I've got a 6-point 7/16 socket that should be arriving any day (my only 7/16 is a 12-point), I'll give it a shot with that. I wasn't able to do much with my 6-point box wrench on those center screws, but a socket may be easier.
I probably should wait until I have an exhaust leak and need to pull the 'fold before attempting it, just because of the huge amount of time it could potentially devour. If I can just get those two center capscrews out of the middle arm so I can get my heat stove installed, I'll call it good.
I noticed the mechanic who replaced the gasket on the pass. side a few years back for some reason replaced the studs and nuts on the outer fasteners with capscrews. Same difference, or is there a reason Chrysler designed them with the studs and nuts?
I took a hand at loosening some of those, too, and by the looks of things I'd say her didn't bother to put anti-seize on the threads. Would've taken him 20 seconds of extra time--every time I work on my rig I'm reminded of why I don't take it to shops anymore...
Delray Dude
06-23-2008, 09:31 AM
Ain't none that old in these parts--I've called quite a few yards and they all said "good luck."
Humm... I see them here in the yards most of the time - but then again - when you are in need thats when you can't find them....
But if you are in need - I can yank one at the yard if I see it - I think they are about 15 to 20 bucks - or when I do do the headers - I'll have a set sitting around collecting dust and rust....
The more I think about this, the more reluctant I am to force the issue on removing those frozen bolts...at least for now.
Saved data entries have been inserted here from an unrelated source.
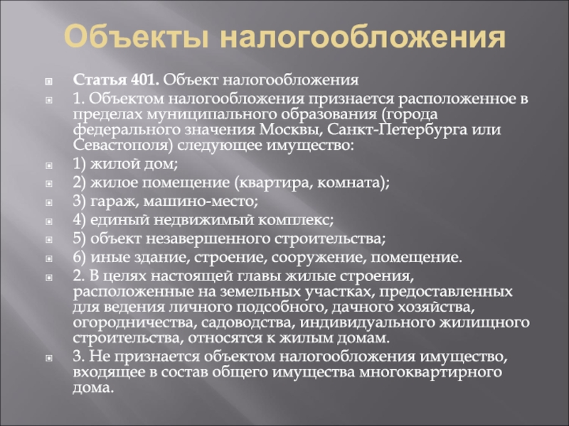 1. Объектом налогообложения признается расположенное в пределах муниципального
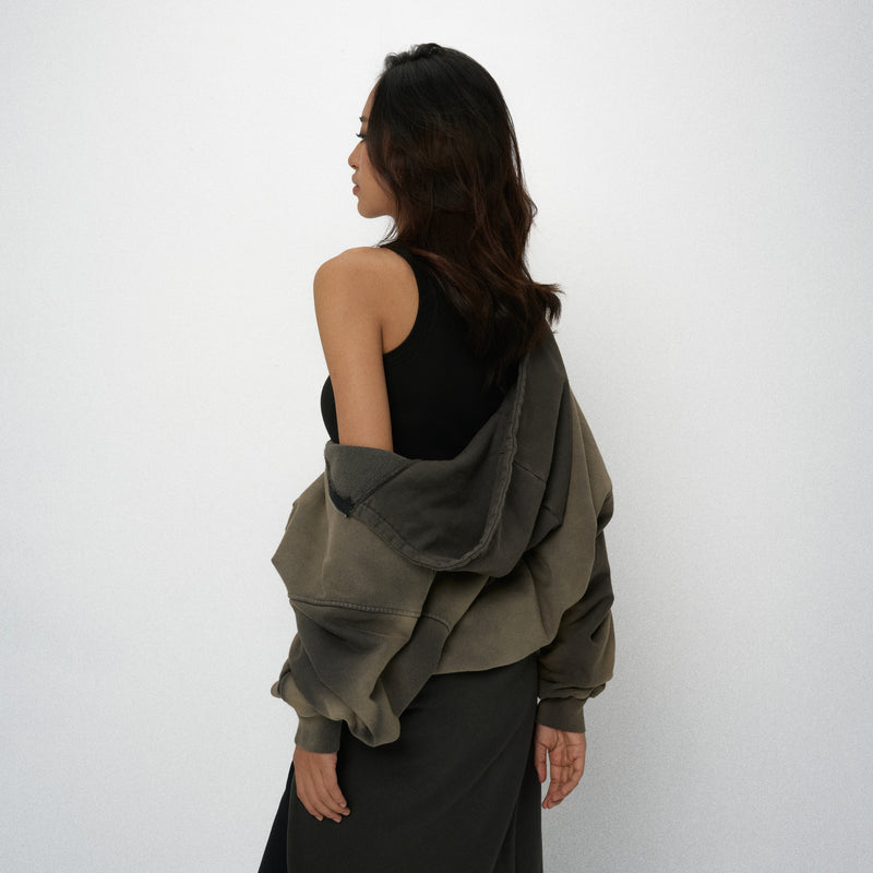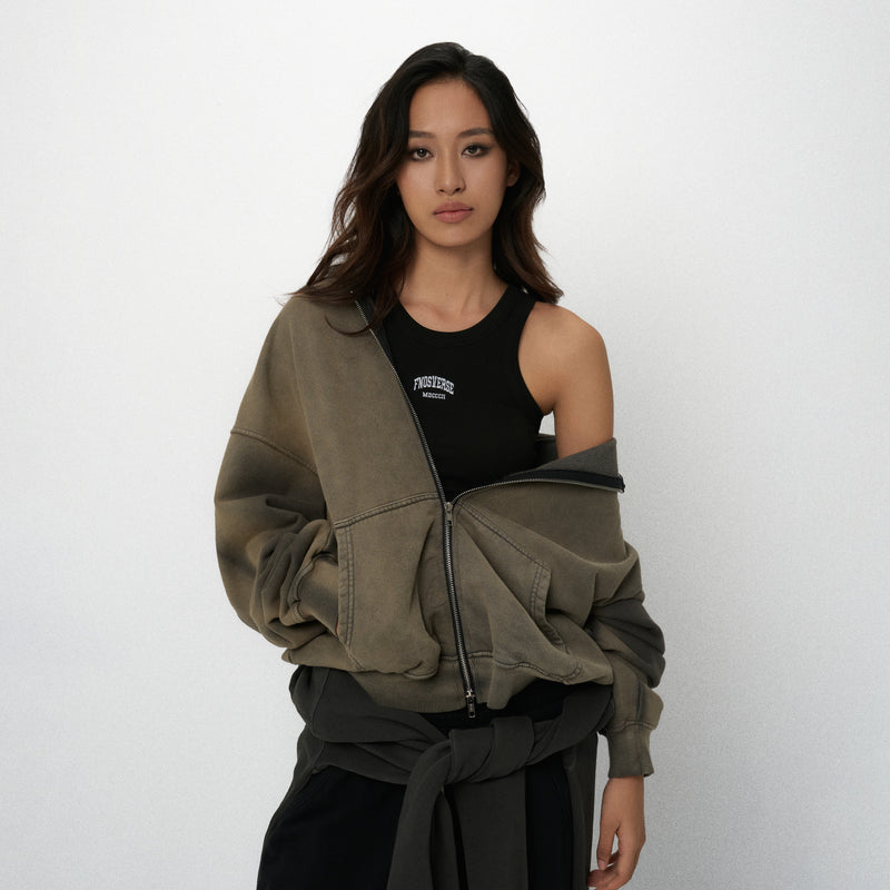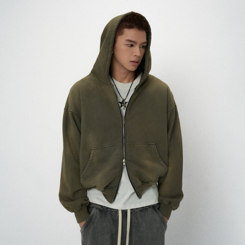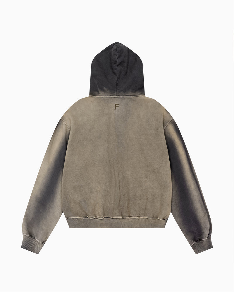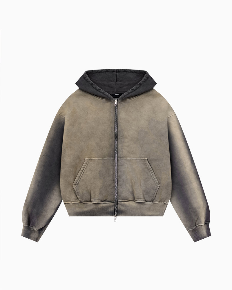 HD8 - 'Introverse' 双拉链连帽衫 - 沙色水洗
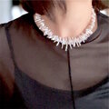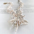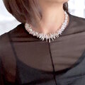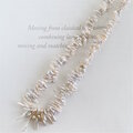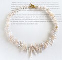 オーロラカラーに輝く細長いケシパールを、グラデーションに組んだチョーカー。

I may be able to figure out another way to mount that heat shield. But I'll give it a few more tries. Been adding the PB Blaster daily...
Yeah...i don't blame ya - but PB Blaster is our friend.....
B-300
06-23-2008, 03:41 PM
The ends have studs as they go into the cooling passes and can get rusted in or leak, also they provide a way to hold the manifold and gasket on the production line.
Megunticook
11-21-2008, 08:39 PM
Just for kicks took a crack at those 2 center bolts on the driver side manifold, where the heat stove bolts on...and wouldn't you know it I got 'em both out. Tapped the socket on nice and tight, then cracked them loose by turning them clockwise a tad.
Finally...after all that fussing.
So is it OK to replace those bolts with stainless, with plenty of antiseize? I realize they're not as strong as hardened steel, but if they don't rust then there shouldn't be a problem getting them out down the road, right?
bherder
11-21-2008, 09:40 PM
I'd have NO prob with replacing them with stainless.... It's just nuts and bolts ... Not like they're going INto anything....
acton mike
11-22-2008, 11:11 AM
another trick to get the recalcitrant bolts off would be to use a metric size impact socket and drive on with a hammer and then with a johnson bar see if it will release.
The metric size might be just small and tight enough that it will give enough grip
swami2806
11-22-2008, 07:45 PM
Invest in a Crapsman Bolt-Out set. I think Irving makes a set too. They are basically inverted Easy-Outs that work on nuts and bolts. They look like normal sockets from the outside.